Gli Invincibili sono stati simbolo di un’Italia che voleva ripartire dopo i disastri della Seconda Guerra Mondiale. Una squadra contro ogni difficoltà e consapevole del ruolo sociale che ricopriva. All’epoca incontrare Mazzola per le strade di Torino non era impossibile e allo stesso tempo era facile che quei giocatori aiutassero le persone in difficoltà.
A capo di tutti c’era Ferruccio Novo, il presidente del Grande Torino. A lui di richieste di aiuto ne arrivavano di continuo. Si segnava tutto. C’era chi chiedeva un lavoro, chi aiuti economici o chi voleva solamente un biglietto per vedere una partita. Agenda e penna in mano, nome, cognome e richiesta segnati.
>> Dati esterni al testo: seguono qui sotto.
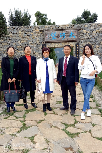 bat365官网实习学生为校领导介绍大河堡景点

Il Grande Torino era amato anche per questo. Senza tutto ciò non sarebbe mai stato Grande, ma solamente Torino. Lo stesso epilogo di quella squadra è arrivato per tendere la mano a chi era in difficoltà. Era il 3 maggio, il Toro era a Lisbona per mantenere una promessa. Francisco Ferreira aveva chiesto a Mazzola di aiutarlo. Era in difficoltà economica e stava per lasciare il calcio. Da lì l’idea. Benfica contro Torino, partita amichevole. Tutti a Lisbona sarebbero corsi per vedere il Toro. E così fu. I granata lasciarono vincere i portoghesi 4-3 e poi tornarono a casa, dove non arrivarono mai. Da Lisbona presero la strada che li portò nel mito. Lo schianto di Superga è il finale triste che in una favola non c’è mai.
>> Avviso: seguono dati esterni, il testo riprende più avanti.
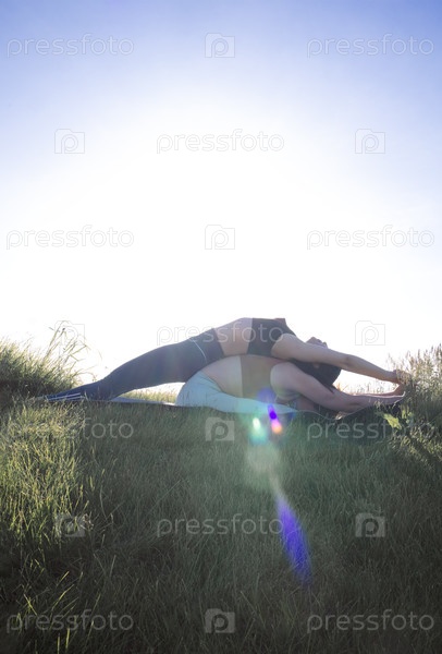 Две женщины практикуют йогу на травяном поле, выполняя сложную позу под ярким солнечным светом, демонстрируя гибкость и гармонию в спокойной среде природы
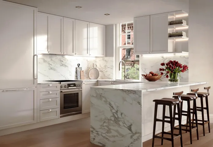 An entry foyer and adjacent coat closet provides a warm entry point to the home. An original decorative fireplace provides a charming focal point to the gracefully proportioned living room beyond. West facing windows permeate the living space with natural light and highlight the charming Greenwich Village cityscape beyond. The oversized windowed kitchen, open to the living room, is impressively outfitted with slim shaker cabinetry with under-cabinet lighting, honed Bianco Carrara marble countertops and backsplash, a stainless-steel Bosch induction/convection range/oven, integrated Bosch refrigerator / freezer and dishwasher, and polished nickel fixtures.
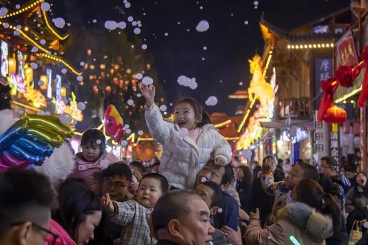 2026年2月13日,湖北省恩施女儿城步行街区人流如织。谭华摄(新华社发)
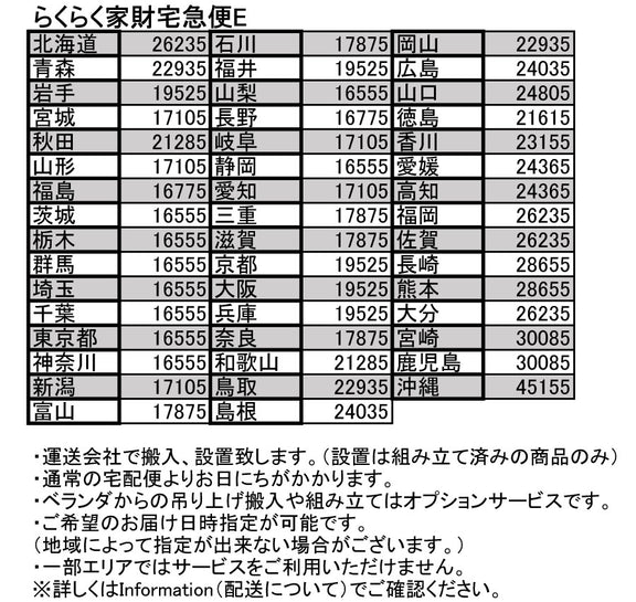 ・運送会社規定により家具(椅子を含む)は同梱扱いに出来ません。搬入設置は配送業者が致します。

C’è chi piange, chi stringe il figlio memore di quando gli raccontava la storia del Grande Torino e chi sogna di poter leggere quei nomi un giorno. Poi l’applauso e tutti urlano “Campioni!”. Oggi Superga è deserta, non ci sono bambini sognanti o anziani memori di quel periodo. Sono tutti a casa a guardare la basilica dal loro balcone. Il ricordo del Grande Torino, però, c’è sempre. Fa parte del paesaggio. Fa parte della vita.